Before refuting these arguments, I should point out that U.S. global policy during the Cold War was to "contain" communist expansion at all costs. That domino theory was so compelling it led to U.S. involvements in Korean and Vietnam. For McNamara to claim that he could have reversed it merely by recommending disengagement from Vietnam even when Russia and Communist China were actively supporting the "war of liberation" only underscores his enormous arrogance. McNamara also chose to mention the one U.S. move that provided the context for the withdrawal in 1973 -- President Nixon's 1972 visit to China following the breakdown of relations between the two communist giants.

As for the instability of the Government of South Vietnam, the U.S. has largely itself to blame. Not only was it heavily involved in the overthrow of the Diem government on November 1, 1963, but McNamara himself, reportedly acting on President Johnson's instructions, openly hailed General Nguyen Khanh as a hero for staging a successful counter-coup that deposed the plotting generals. And it was then-U.S. Ambassador General Maxwell Taylor who subsequently encouraged the rebellion of the Montagnard tribes to discredit and ultimately oust General Khanh, whom Taylor intensely disliked.

Ironically, McNamara echoes his former media and Congressional critics by singling out South Vietnamese corruption as a prime factor behind America's withdrawal. Yet it was U.S. officials themselves whose patronage system of buying obedience in exchange for favors that nurtured and legitimated that corruption in the first place.

As general during the war, I can speak to the Army of the Republic of Vietnam (ARVN)'s so-called incapacity to defend itself. Our victories at Quang Tri, Kontum And An Loc during North Vietnam's Great Offensive in 1972 amply demonstrated that we could beat back North Vietnam's regular divisions in conventional warfare, provided we received adequate supplies and air support.

The Battle of An Loc, for instance, pitted some 6,350 ARVN men against a force three that size. During the peak of the battle, we had access to only one 105 mm howitzer to provide close support while the enemy attack was backed by an entire artillery division. Whereas we had no tanks, the enemy had two armored regiments. Yet ARVN won. As General Paul Vanuxem, a French veteran of the Indochina War, wrote in 1972 after visiting the liberated city of An Loc: "An Loc was the Verdun of Vietnam, where Vietnam received as in baptism the supreme consecration of her will."

"When military power is applied, is should meet the test of clarity of mission and efficiency," Defense Secretary James Schlesinger once observed. "That was the case in Grenada, but it clearly was not the case in Lebanon." Nor was it the case in Vietnam. Indeed, the real flaw of the Vietnam War was the lack of a clear objective on the side and thus a resulting confusion regarding how to achieve it.

In retrospect, the U.S. could have achieved its policy of containment had it adopted one of two alternative strategies either carry the war to North Vietnam and try to destroy Hanoi's will to fight; or support the government of South Vietnam in fighting a long and protracted war in the South.

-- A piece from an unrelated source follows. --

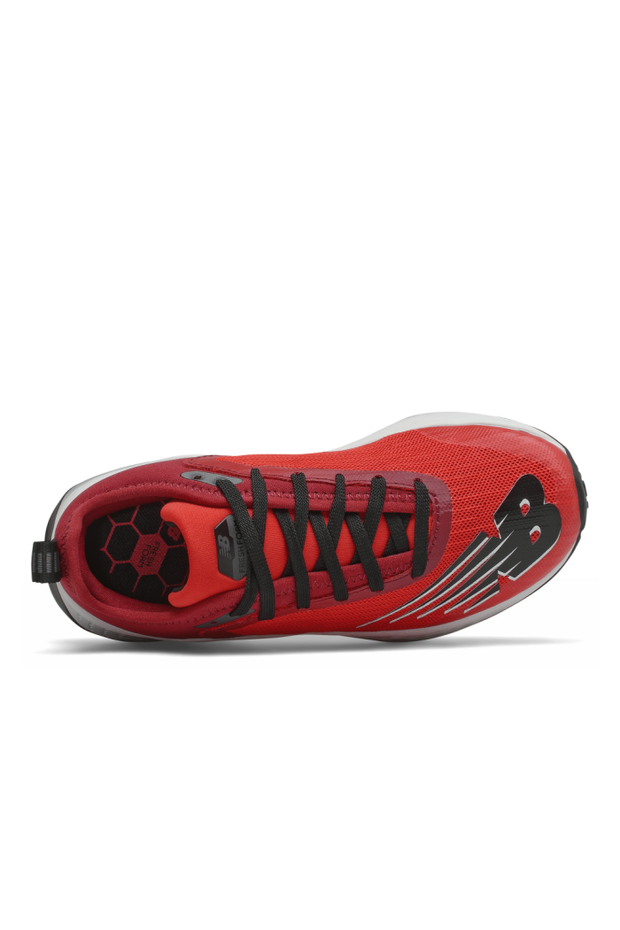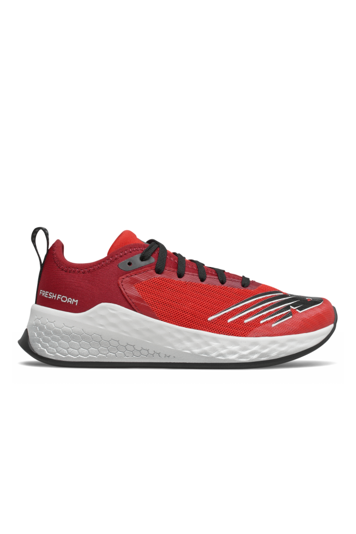 A lightweight, low-top running shoe built for young athletes, featuring a breathable red mesh upper and supportive lacing. The Boys Fresh Foam Fast v2 offers a sculpted Fresh Foam midsole for responsive cushioning and a textured rubber outsole for grip. New Balance designed this style for everyday training and play with a sporty silhouette and easy pull-tab at the heel.

While the first alternative carried the risk of intervention by Russia and China, that risk was mitigated by the animosity between the two countries, and the fact that neither was threatened directly by the destruction of North Vietnam's war-making machine.

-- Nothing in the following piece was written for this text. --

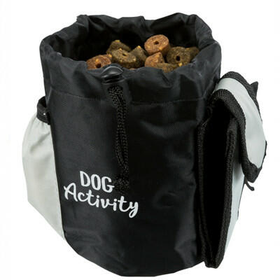 Trixie Dog Activity jutalomfalat tartó húzózsinórral zárható levehető vállpánttal tépőzáras rögzítés külső zsebekkel nylon/poliészter vízálló fekete/szürke színű

Since the U.S. lacked the guts to adopt this option, the second alternative could have been implemented in conjunction with an intensive Vietnamization program. In other words, the Vietnam War was winnable and should have been won because in war, as General McArthur once said, "there are no substitutes for victory".

In my view, McNamara's book adds nothing new to the already vast library on the Vietnam War. On the other hand, perhaps I should refrain from casting stones at a man who confesses his mistakes in writing. After all, a written confession can be a lucrative way of easing one's conscience.